Rumination has the same fruitless quality. Long after we've passed the point of learning from a mistake, we've run it through our mind as if the regret that fills our hearts will create the same perverse satisfaction as scratching an itch.
What if we could turn this habit into something positive? What if we could follow Saint Paul, "Forgetting what is behind and straining toward what is ahead … toward the goal to win the prize for which God has called me heavenward in Christ Jesus." (Phil 3:13,14)
I believe Saint Paul speaks from experience, reflecting his life as Saul the Tax Collector, long before he met God on the road to Damascus. So when he wrote those words later in life, he may have been wishing to put his previous life far behind.
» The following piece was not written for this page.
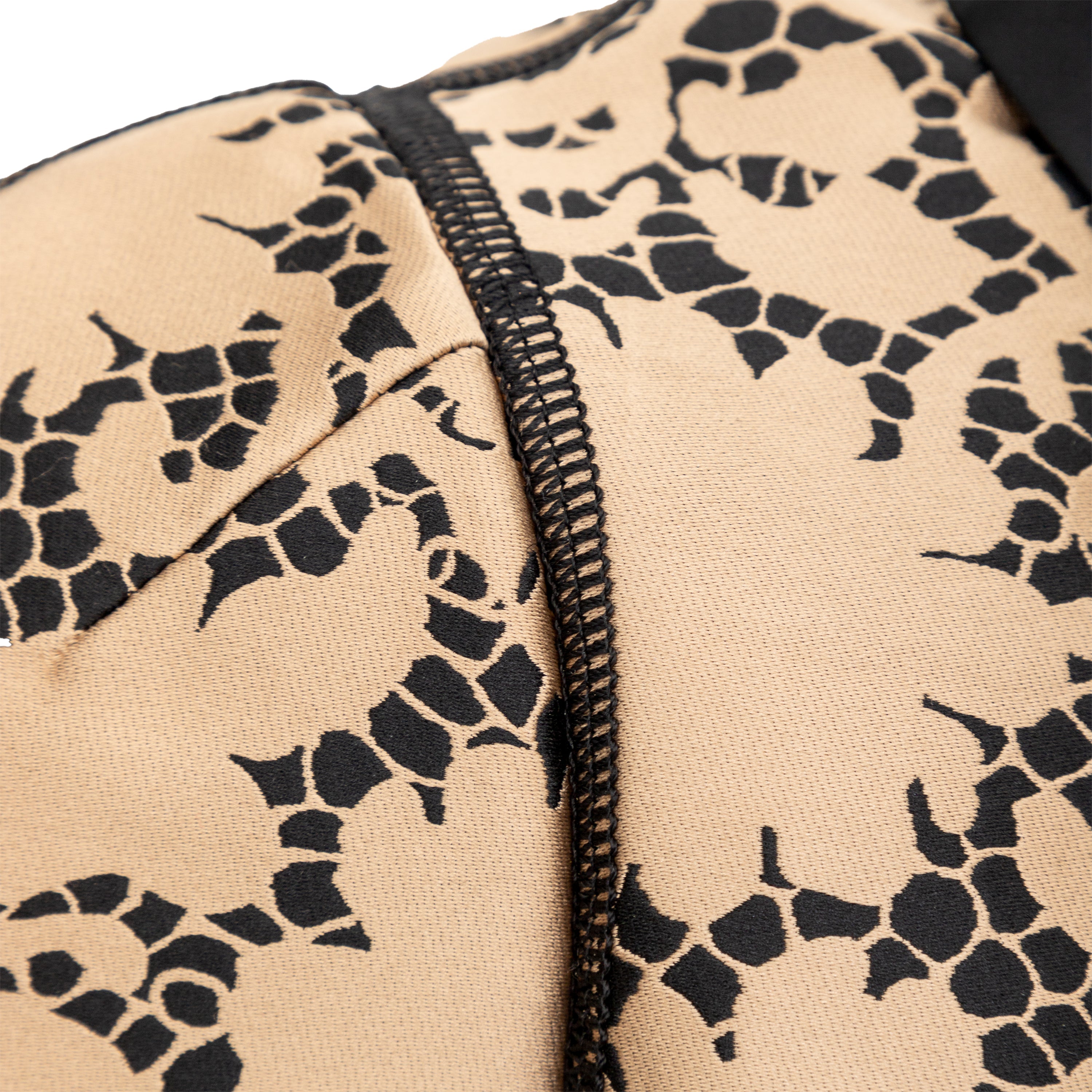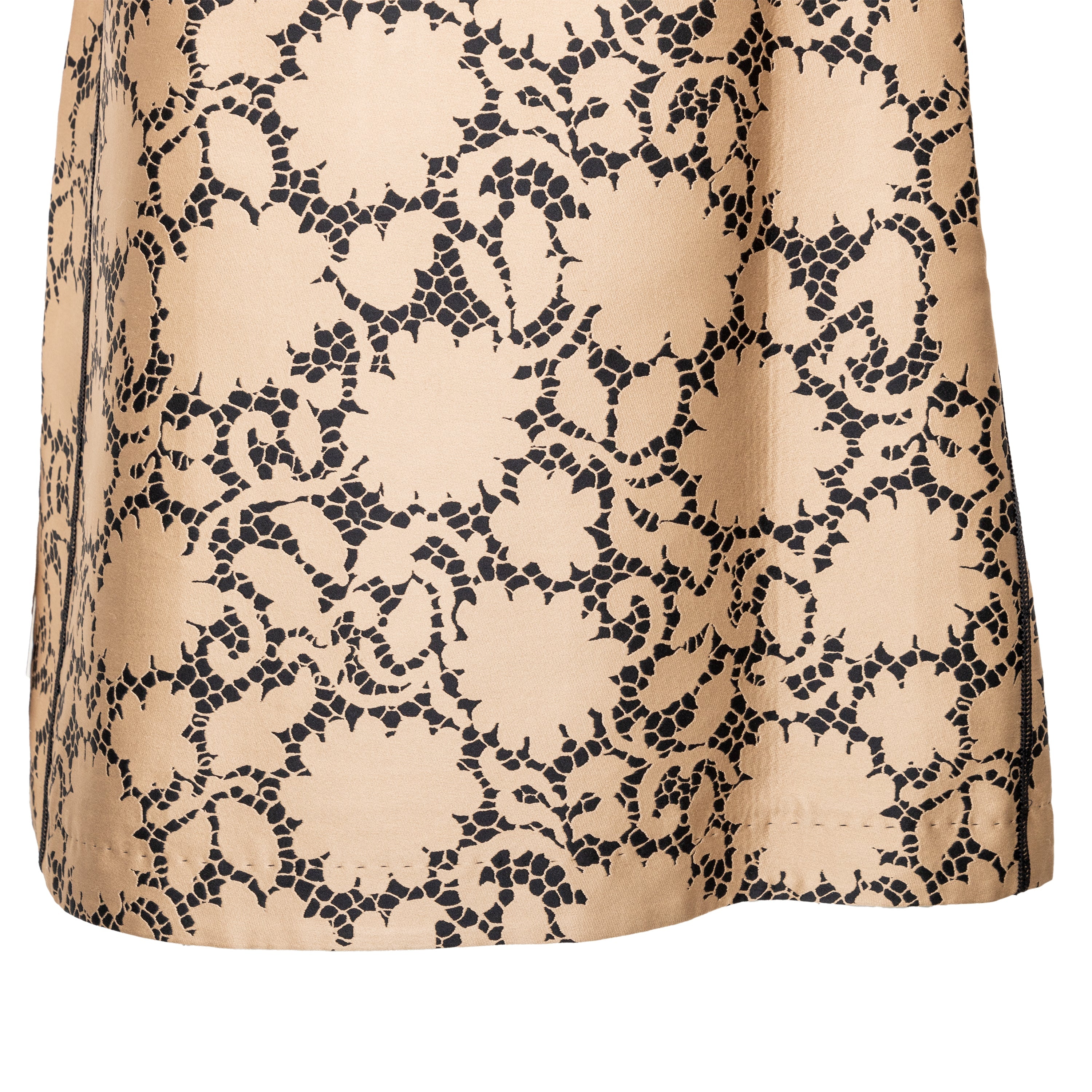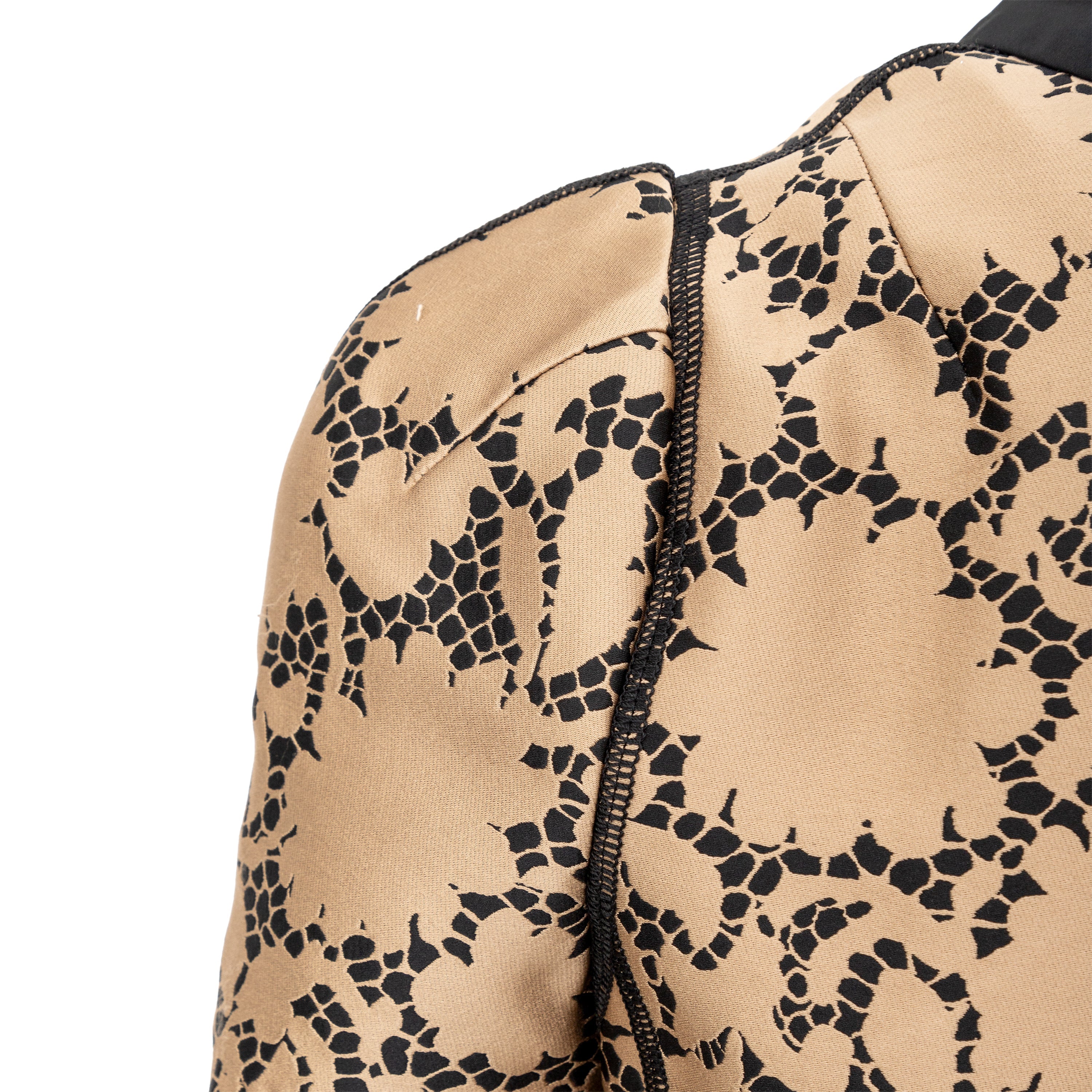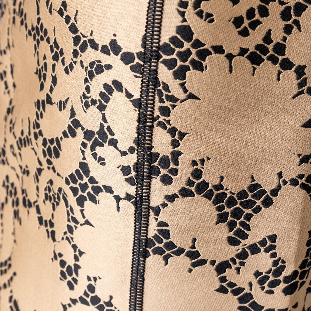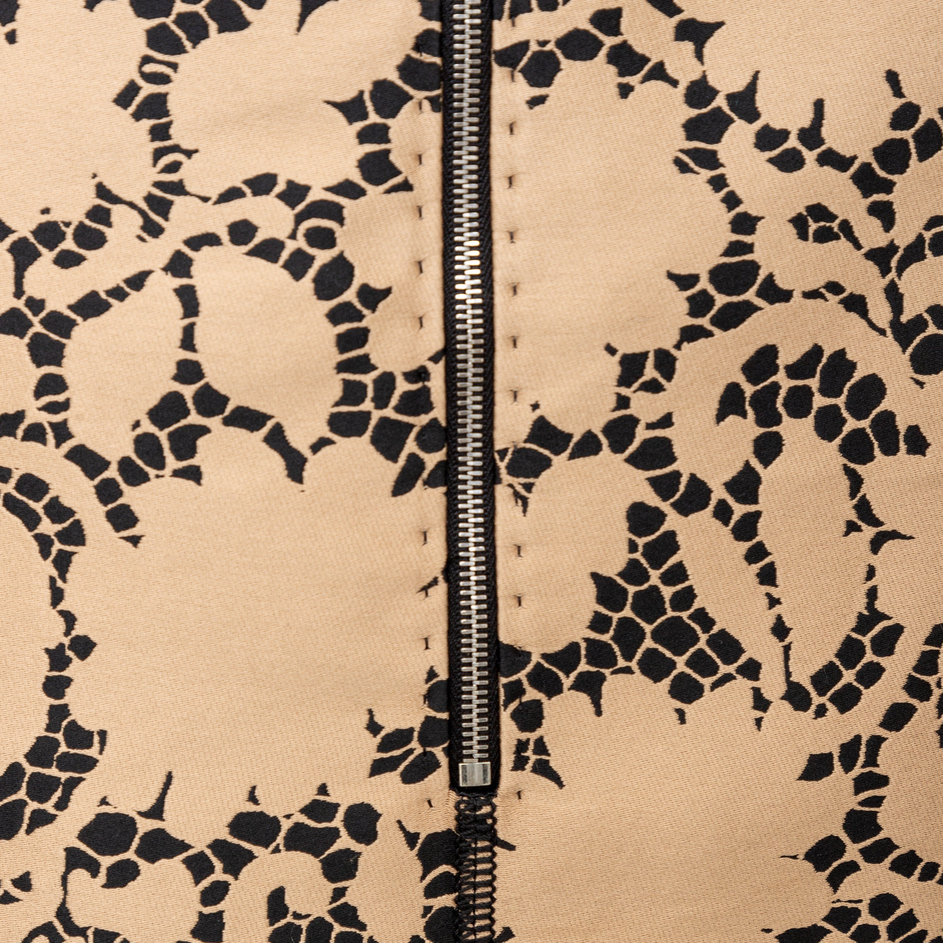 This elegant Louis Vuitton top is crafted from golden-bronze silk fabric adorned by a beautiful black lace print. The classic Peter Pan collar and unique pleated short sleeves create a sophisticated and puffy look.

All those goals you didn't accomplish last year? The same ones you will write again this year? The 10 pounds to lose that became 15, the credit card you paid off somehow has the same balance? Or the promise to spend more time with God to become a better Christian?
What if instead of ruminating on why we failed again, what if instead of doing more we decided to do one thing better?
Instead of ruminating on our weight loss, we decide to shop the perimeter of the grocery store for fresh food? Just that one change. Instead of being overwhelmed by our mountain of debt, we picked the card with the smallest balance and worked on paying it off? And instead of promising to read the entire Bible in a year, we decided to read just 10 verses of a psalm and prayerfully ask God to show us their meaning from his perspective?
"Not more, but better" will be our motto.
Lately I've been ruminating on a deeper relationship with God. My first instinct is a spiritual equivalent of the 10,000 hours to mastery. Every book read must be on faith, every free moment spent in church or prayer or, at the least, thinking pure thoughts. All of which may not get me to sundown on January 1st. Yet, I recall, the journalist who took a closer look at this theory discovered that it wasn't the number of hours, but focus and increasing our skills, which led to achievement.
God said, "You will seek me and find me when you seek me with all your heart." (Jeremiah 29:13)
What if I apply my passion for a deeper relationship with God by asking myself how I can get more from my weekly hour of Adoration at St. Mary's, something I enjoy and speaks to my heart? I love this quiet hour of contemplative prayer, it makes my entire week seem lighter. What if Adoration became my locus for the closer relationship I desire with God?
Not more, but better, might be a compassionate and more meaningful yardstick to measure our progress this year.